— Work task —
The data below holds a line containing "Hračka je lehká" and a line containing "Este señalador está"; please quote exactly those two lines and every line between them, and nothing else.

Material supplied section start

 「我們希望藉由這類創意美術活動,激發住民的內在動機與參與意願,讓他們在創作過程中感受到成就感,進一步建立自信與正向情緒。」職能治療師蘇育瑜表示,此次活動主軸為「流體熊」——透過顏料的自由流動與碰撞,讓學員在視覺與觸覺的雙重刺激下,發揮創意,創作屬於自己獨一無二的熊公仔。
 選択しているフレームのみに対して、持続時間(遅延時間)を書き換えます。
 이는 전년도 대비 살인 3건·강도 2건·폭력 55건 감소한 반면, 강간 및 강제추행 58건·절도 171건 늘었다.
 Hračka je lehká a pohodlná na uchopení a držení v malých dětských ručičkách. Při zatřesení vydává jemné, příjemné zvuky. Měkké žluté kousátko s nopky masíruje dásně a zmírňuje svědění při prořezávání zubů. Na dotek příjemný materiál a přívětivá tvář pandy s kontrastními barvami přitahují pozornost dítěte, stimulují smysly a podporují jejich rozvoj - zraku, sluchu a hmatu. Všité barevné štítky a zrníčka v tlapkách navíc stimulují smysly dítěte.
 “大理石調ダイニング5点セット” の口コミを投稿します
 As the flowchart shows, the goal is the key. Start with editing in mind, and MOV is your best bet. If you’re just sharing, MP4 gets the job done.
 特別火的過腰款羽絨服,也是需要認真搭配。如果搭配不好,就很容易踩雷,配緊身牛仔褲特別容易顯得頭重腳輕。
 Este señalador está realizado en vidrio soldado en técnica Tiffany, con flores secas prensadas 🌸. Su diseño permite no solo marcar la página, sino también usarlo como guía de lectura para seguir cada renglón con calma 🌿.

Material supplied section end
Material supplied section start

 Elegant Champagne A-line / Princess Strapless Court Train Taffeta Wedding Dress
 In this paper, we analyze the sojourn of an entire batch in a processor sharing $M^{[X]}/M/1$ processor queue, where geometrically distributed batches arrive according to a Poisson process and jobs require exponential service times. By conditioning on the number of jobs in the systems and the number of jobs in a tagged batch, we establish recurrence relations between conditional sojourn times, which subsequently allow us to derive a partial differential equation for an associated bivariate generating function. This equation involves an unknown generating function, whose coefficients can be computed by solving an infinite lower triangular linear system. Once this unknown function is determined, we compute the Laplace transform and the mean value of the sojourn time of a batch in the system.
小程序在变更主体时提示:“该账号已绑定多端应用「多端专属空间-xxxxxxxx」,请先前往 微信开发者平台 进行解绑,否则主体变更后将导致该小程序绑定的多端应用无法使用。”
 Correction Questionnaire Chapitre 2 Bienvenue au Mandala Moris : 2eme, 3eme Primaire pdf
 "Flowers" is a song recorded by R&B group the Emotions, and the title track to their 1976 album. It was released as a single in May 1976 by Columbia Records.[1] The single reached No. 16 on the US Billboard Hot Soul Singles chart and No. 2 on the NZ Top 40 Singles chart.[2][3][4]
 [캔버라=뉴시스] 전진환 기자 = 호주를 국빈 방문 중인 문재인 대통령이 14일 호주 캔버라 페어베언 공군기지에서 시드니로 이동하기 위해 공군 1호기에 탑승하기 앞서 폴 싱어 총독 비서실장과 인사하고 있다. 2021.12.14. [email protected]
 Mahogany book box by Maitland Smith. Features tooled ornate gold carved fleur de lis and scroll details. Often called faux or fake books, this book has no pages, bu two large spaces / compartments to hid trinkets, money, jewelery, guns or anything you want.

Material supplied section end
Material supplied section start

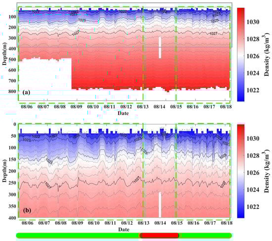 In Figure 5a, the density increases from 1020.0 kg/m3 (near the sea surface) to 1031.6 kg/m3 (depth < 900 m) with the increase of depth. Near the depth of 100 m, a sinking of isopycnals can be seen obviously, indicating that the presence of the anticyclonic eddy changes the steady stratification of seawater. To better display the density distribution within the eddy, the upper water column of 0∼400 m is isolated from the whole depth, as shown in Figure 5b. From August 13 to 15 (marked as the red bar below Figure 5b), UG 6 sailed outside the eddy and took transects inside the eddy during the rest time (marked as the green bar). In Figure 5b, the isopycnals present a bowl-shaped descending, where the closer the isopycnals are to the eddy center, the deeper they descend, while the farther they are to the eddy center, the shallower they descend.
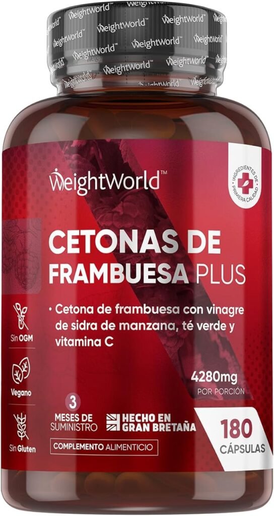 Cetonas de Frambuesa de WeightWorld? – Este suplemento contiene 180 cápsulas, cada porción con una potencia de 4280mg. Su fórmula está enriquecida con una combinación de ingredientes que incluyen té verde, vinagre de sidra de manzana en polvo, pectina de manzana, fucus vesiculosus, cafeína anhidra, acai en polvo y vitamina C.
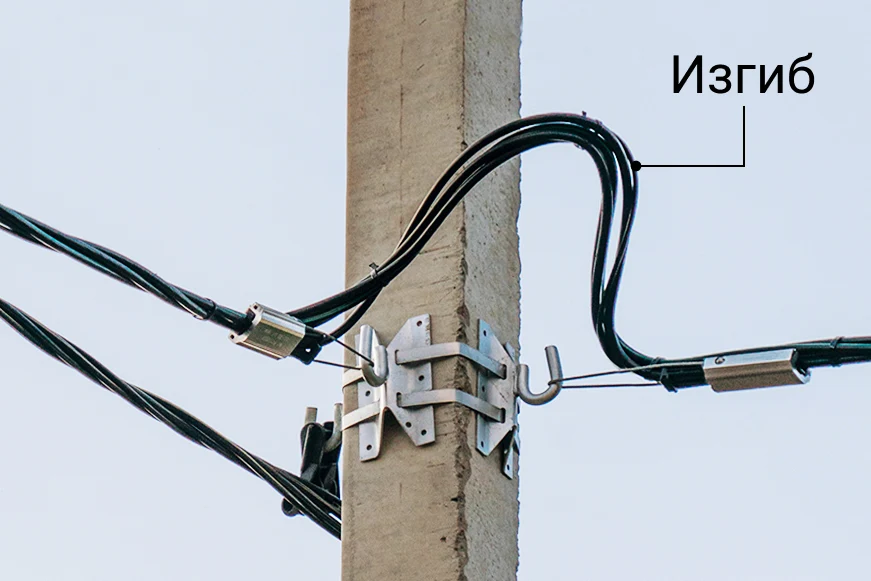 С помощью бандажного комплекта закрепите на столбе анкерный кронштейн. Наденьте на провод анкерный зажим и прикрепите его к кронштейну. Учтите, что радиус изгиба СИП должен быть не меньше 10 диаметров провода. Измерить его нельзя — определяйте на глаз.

Material supplied section end

— Output for this task —
 Hračka je lehká a pohodlná na uchopení a držení v malých dětských ručičkách. Při zatřesení vydává jemné, příjemné zvuky. Měkké žluté kousátko s nopky masíruje dásně a zmírňuje svědění při prořezávání zubů. Na dotek příjemný materiál a přívětivá tvář pandy s kontrastními barvami přitahují pozornost dítěte, stimulují smysly a podporují jejich rozvoj - zraku, sluchu a hmatu. Všité barevné štítky a zrníčka v tlapkách navíc stimulují smysly dítěte.
 “大理石調ダイニング5点セット” の口コミを投稿します
 As the flowchart shows, the goal is the key. Start with editing in mind, and MOV is your best bet. If you’re just sharing, MP4 gets the job done.
 特別火的過腰款羽絨服,也是需要認真搭配。如果搭配不好,就很容易踩雷,配緊身牛仔褲特別容易顯得頭重腳輕。
 Este señalador está realizado en vidrio soldado en técnica Tiffany, con flores secas prensadas 🌸. Su diseño permite no solo marcar la página, sino también usarlo como guía de lectura para seguir cada renglón con calma 🌿.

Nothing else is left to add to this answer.